Want to live forever? Science may have answers
Science fiction writers and moviemakers have long been obsessed with it, and so have scientists. Immortality, the fountain of youth or extending our life expectancy is being talked about like never before. We all want and need love and money, but having a longer life expectancy is now firmly on the agenda.
Chasing the fountain of youth
In science fiction writing, it even has its own sub-genre. Immortality fiction has existed since the 1940s and includes novels such as Holy Fire by Bruce Stirling or The World of Null-A by A.E.van Vogt, written in 1945. And what about the movies? Remember Highlander and Death Becomes Her to name just a few, or Black Mirror, which often refers to the horror of living forever.
Big money steps in
Fast forward to the corporate world and Elon Musk. The Wall Street Journal reported in 2016 that the billionaire entrepreneur had founded Neuralink, a company that’s working on merging computers with human brains. And he’s not alone. Silicon Valley entrepreneur Bryan Johnson has set up neuroscience start-up Kernel to build a “non-invasive mind/body/machine interface (MBMI) to radically improve and expand human cognition.” Or Larry Page, former CEO of Google and current CEO of Alphabet, who founded Californian Life Company (Calico) an anti-aging research center, with a reported $750m investment from Google.
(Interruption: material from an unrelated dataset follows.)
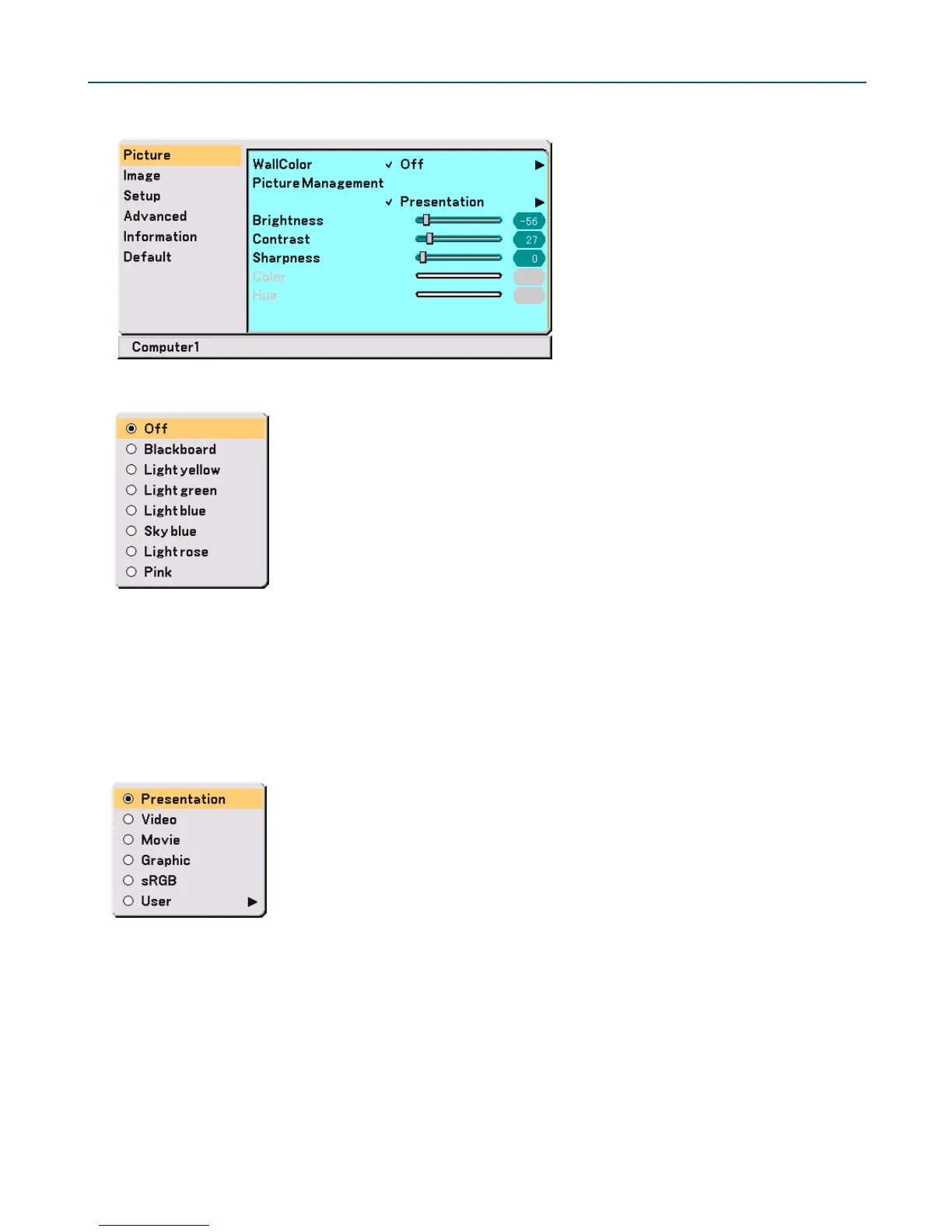 There are 5 factory presets optimized for various types of images, or you can set user adjustable settings.

These entrepreneurs are leaping into the neuroscience arena and taking a corporate approach to extending and improving our life expectancy. And scientists are increasingly vocal about this prospect, too.
Stanford University neuroscientist and Kernel advisor David Eagleman doesn’t believe, however, that implanting a computer into a healthy human brain is the way to go. Namely, because of the obvious risks of infection or death. However, he and other scientists at Kernel are looking at devices that work like implanted devices used to treat conditions like Parkinson’s or epilepsy. And at IBM, researchers are already analyzing what the brain does when a person has an epileptic fit.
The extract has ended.